Maybe having a definition for all the terms would help?

For example there are a lot of discussion around file types, but there could be different file types in different stage of the syntax (one for developers and one for the TMS/linguists).

@echeran

And it sounds like there is support for decoupling the concepts of authoring format / syntax from the runtime format / structure of input data.

I'm not 100% confident about this yet because I've been able to pilot MessageFormat using different file format and exposing raw syntax to linguists on a large scale. This creates a much simpler solution, if you provide the right tools with the syntax.

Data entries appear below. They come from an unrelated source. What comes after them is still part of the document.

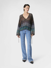 A sophisticated and lightweight reinterpretation of the maison’s iconic graphics, expressing the unmistakable balance between luminosity, movement, and Missoni style. This oversized women’s blouse in viscose chevron lame with sequins features a deep V-neckline that enhances femininity with natural elegance. MORE DETAILS - Women's oversized blouse with long sleeves - Deep V-neckline - Chevron pattern - Viscose lame blend - Applied sequins Composition: EXTERNAL:78%Rayon, 11%Metal Fiber, 11%Polyamide Care instructions: Hand wash ; Ironing maximum temperature 110°C - without steam ; Dry cleaning in tetrachloroethene ; Do not tumble dry ; Dry flat ; Do not bleach Made in: Italy Product ID DS26SJ0FBK01H9SM9ZT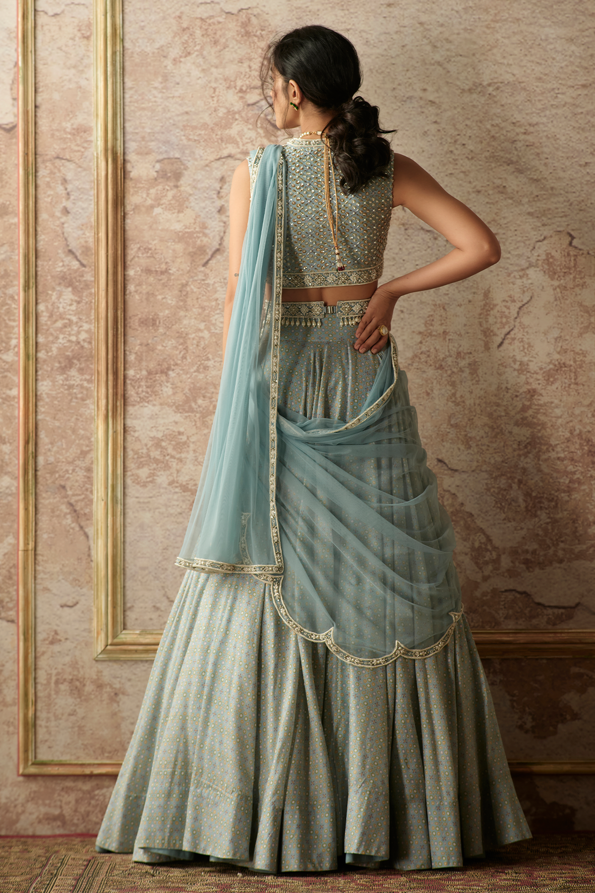 Powered Blue folk printed embroidered skirt and blouse paired with embroidered dupatta and pearl embroidered belt.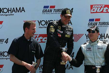 Kaufmann mit dem zweitplatzierten Frank Schmickler (links) und dem drittplatzierten Marc Basseng (rechts)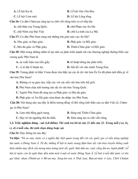 Câu 15: Lễ hội truyền thống nào sau đây thuộc văn minh Chăm-pa?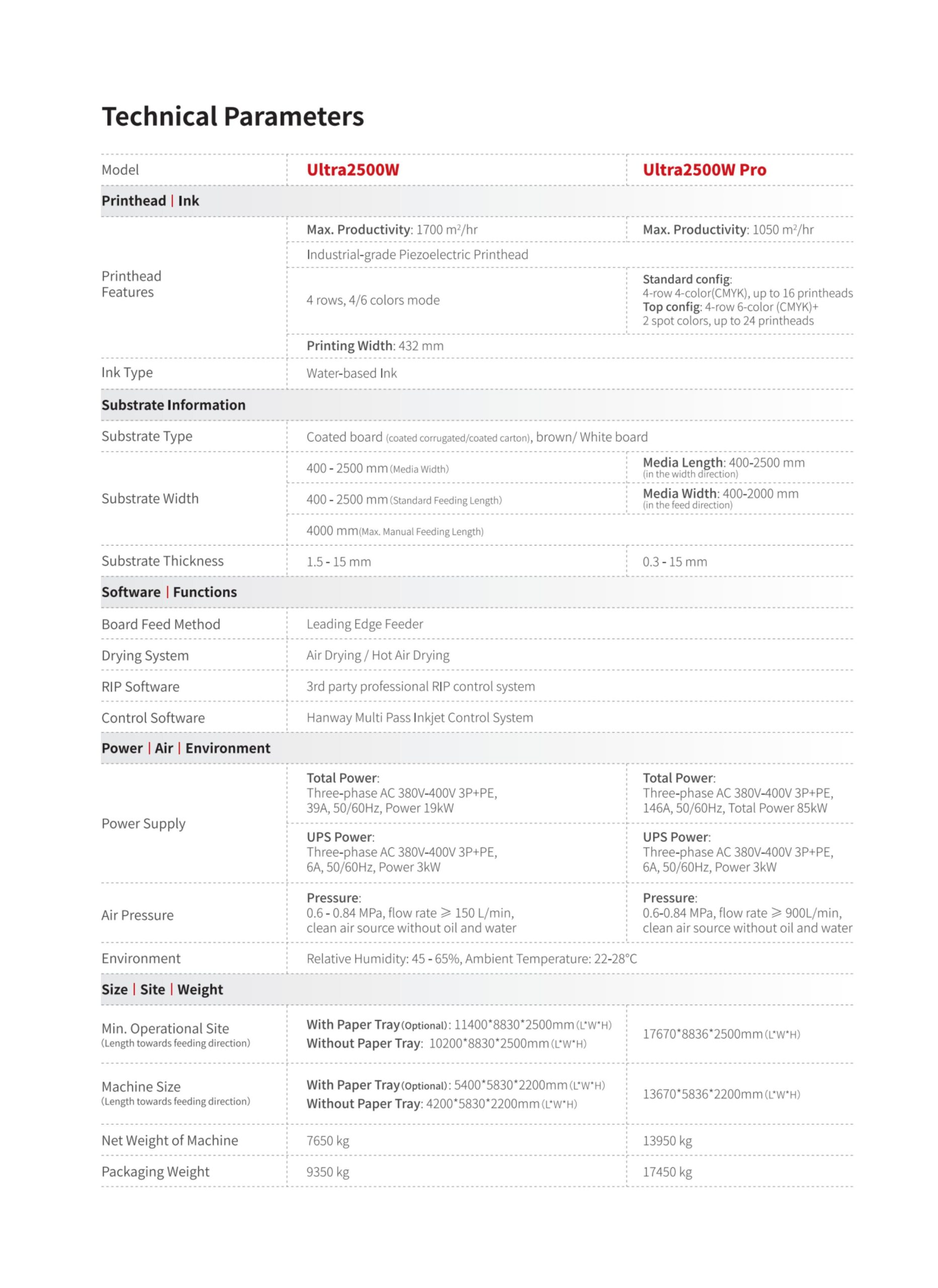 Max. Productivity1700 ㎡/hr (4-row) Printhead Width432 mm/scan Print MediaCoated/Brown/White/Board Colors :4/6 Colors Optional New Printhead Water-cooling Circulation System New Closed-loop Control System (Optional)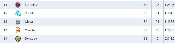 En cuanto al tema del descenso, Puebla llega a 91 puntos en 79 juegos para un cociente de 1.1519 que lo pone en el lugar 15.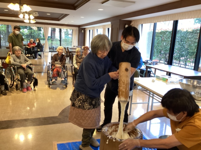 子供達と入居者様とで餅つきを行います!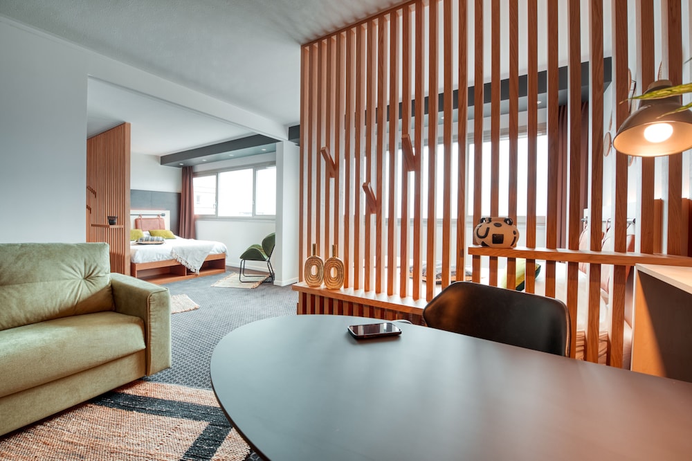 Cowool Grenoble i Grenoble (Secteur 6) vil du ha Palais des Congres Alpexpo like rundt hjørnet samtidig som du har kun 3 minutters gange til Polesud skøytebane.  Dette hotellet ligger 3,2 mi (5,1 km) unna Grenoble-Bastille gondolbane og 3,7 mi (5,9 km) unna Grenoble museum. Føl deg som hjemme i et av de 94 gjesterommene, som er individuelt dekorert, og som har et kjøkken med kjøleskap og komfyrtopp. Sengen har Select Comfort-madrass og sengetøy av topp kvalitet. Du kan holde deg oppdatert med wi-fi (inkludert) på rommet. Rommene har skrivebord og separat sitteområde, og rengjøring tilbys etter avtale. Avstandene som vises er rundet av til nærmeste 0,1 kilometer.
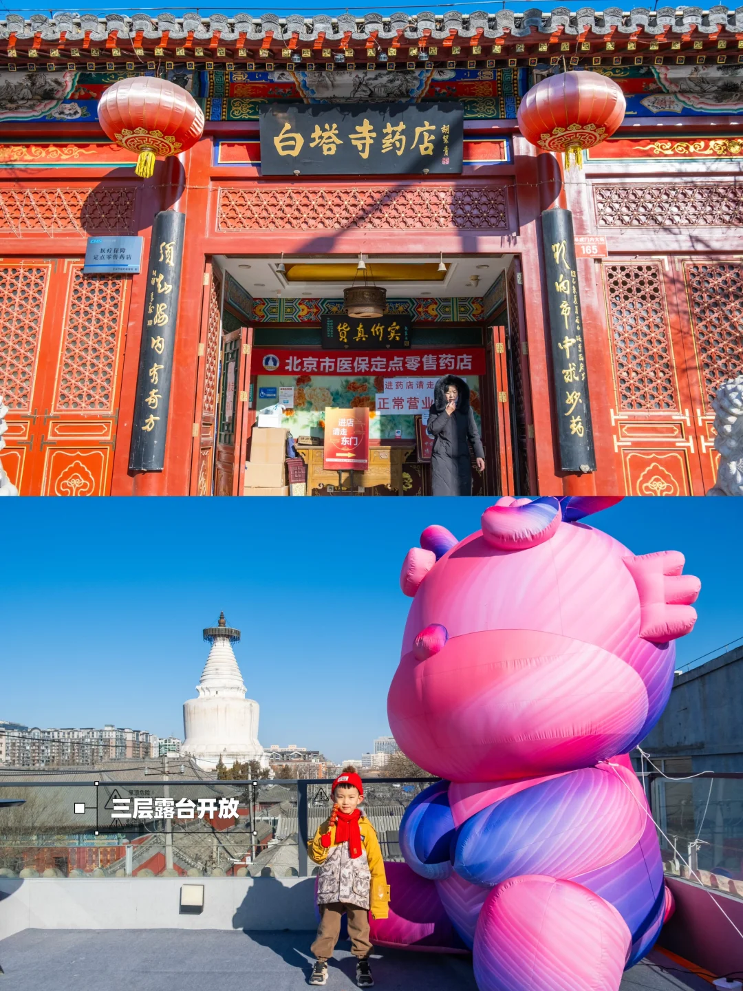 📍白塔寺药店:三层露台可拍照,有粉色的充气龙很可爱,无需消费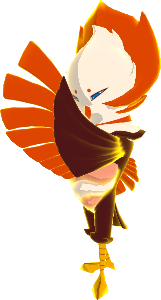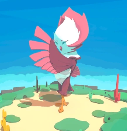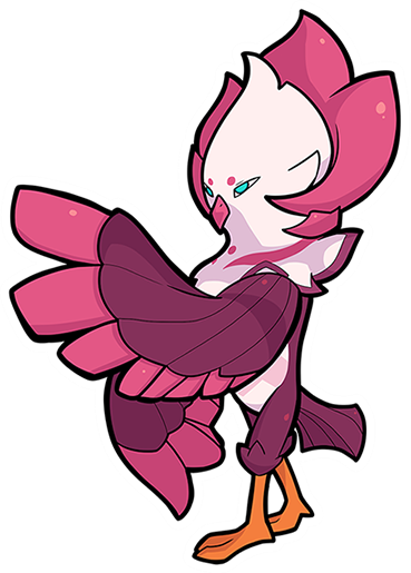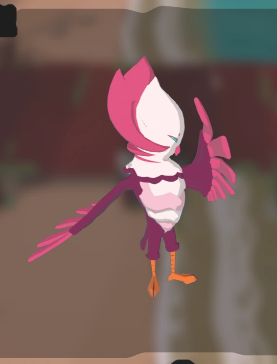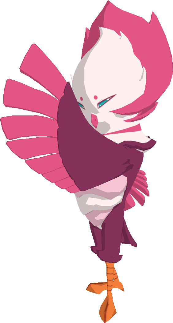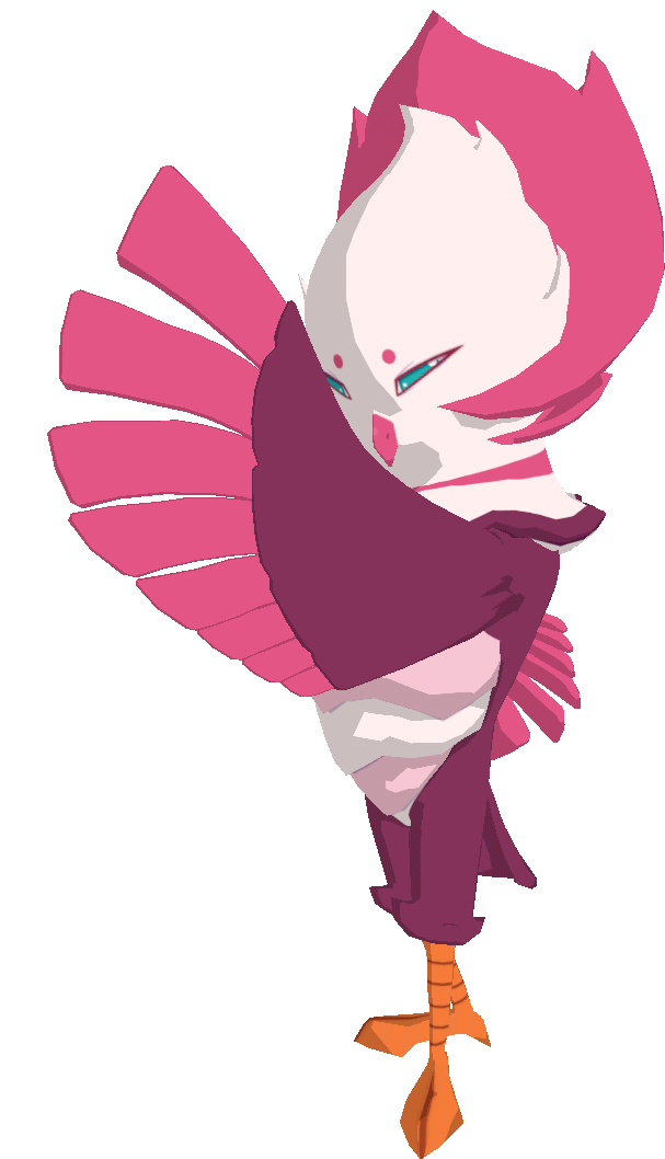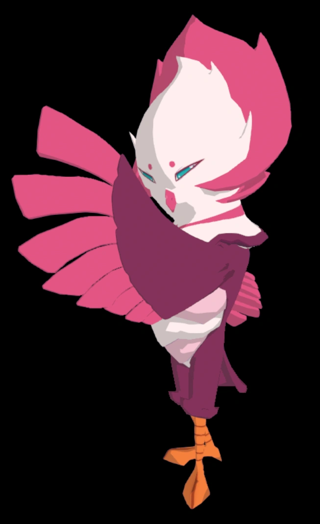 Barnshe is a bird Temtem that is predominantly fuchsia. It has a white stomach and a white head with a pink crown. The tips of its wings and its beak are pink as well. It has orange claws, very sharp, completely blue eyes, and two small dots for eyebrows.

If we think there is a need for decoupling then I think we should highlight clearly why and keeping in mind also that most TMS expect symmetric file input (same amount of keys in the input file and output file). On top of this, you can create translation projects from 1 source langue to multiple target language, which means they would all need to stay keep the same amount of keys. This is unless you want to start breaking up projects per language pairs but this can have an impact on existing processes, costing and reporting when doing enterprise-scale localization...

Of course you could probably work around this by creating an new file format or trying to leverage existing ones that offer more flexibility (e.g. XLIFF). But also from experience, we know that most TMS provide different levels of XLIFF support which might impact adoption negatively. This would also probably be the same if a new file type of created - getting broad TMS support can take quite a while.